# Mängel am gebrauchten Orbea MX 20 Team Disc



## Etienne83 (8. Juli 2021)

Moin Moin aus Hamburg,
vor einigen Wochen habe ich meinem Sohn über Ebay Kleinanzeigen das im Titel genannte Fahrrad gebraucht gekauft.
Ärgerlicherweise müssen einige Komponenten getauscht werden, da sie nicht mehr ganz in Ordnung sind. Hab das Fahrrad für 270€ wahrschenlich zu teuer eingekauft, aber wenn der Sohn dabei ist und zu begeistert, kann man halt nicht mehr viel machen .
Auf jeden Fall ist das Schaltwerk verbogen und zwar so doll, dass die Einstellschrauben einfach nur ins leere gehen und man nichts mehr einstellen kann. Ich frage mich, ob man das noch zurecht biegen kann und falls ja, ob man dann einen Schutz für das Schaltwerk montieren sollte.
Sollte es in euren Augen irreparabel sein, würde mich interessieren, ob ihr dazu tendiert, das gleich Schaltwerk noch mal zu kaufen oder auf eine kompaktere Variante zu gehen.

Neben der Schaltung ist der zweite Hautpärgerungsgrund die Bremse. Bei der hatte ich bei der Probefahrt noch den Eindruck, dass alles in Ordnung ist. Nun quietscht die Hinterradbremse aber sehr stark und das Bemsgefühl ist auch nicht gut. Nur mit festerem Druck bekommt man das Hinterrad blockiert, zumindest wenn ich fahre. Kann es sein, dass die Beläge verglast sind, weil Kinder tendenziell nicht so fest zupacken? Ich werde die Beläge heute Abend mal raus nehmen und mein Glück mit Abschleifen versuchen.
Grundsätzlich finde ich den Bremshebel-Abstand für Kinderhände aber ganz schön groß. Ich ging davon aus, dass die verstellbar sind, bin wohl aber mit anderen Fahrradmodellen durcheinander gekommen.

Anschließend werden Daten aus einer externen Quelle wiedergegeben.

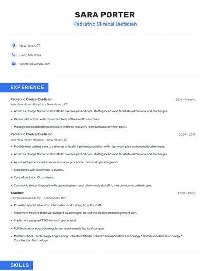 Choose from 10+ customizable pediatric clinical dietician resume templates

Also kurz zusammen gefasst:

Schaltung reparabel?
Wenn ja, wie würdet ihr vorgehen?
Falls nein, das gleiche Werk noch mal oder eine kompakte Alternative?
Wie würdet ihr einem Nicht-Fachmann raten, mit dem Thema Bremse umzugehen?

Bei mir in der Umgebung sind gerade alle Fahrrad Läden über mehrere Wochen ausgebucht. Ich würde meinem Sohn aber gerne schnell ein schönes Fahrgefühl bescheren .

Danke fürs Lesen und viele Grüße

Etienne 

PS: Bin ja neu hier, vielleicht sollte ich erst mal allgemein Hallo in die Runde sagen .


----------



## Hille2001 (8. Juli 2021)

Die 2 Schrauben (eine L und eine H) haben die Funktion der Begrenzung des Schaltwerkes nach unten und oben damit die Kette nicht vom kleinsten Ritzel in den Rahmen und vom größten in die Speichen springt.

Die werden auch nur in der jeweiligen Position eingestellt ,zwischen drin haben sie keine Funktion,das macht dann die Seilspannung.

Die Umschlingungsschraube eine 3. Die gibt es auch noch.


Beläge anschauen und evtl wechseln dürfte ja kein Problem sein .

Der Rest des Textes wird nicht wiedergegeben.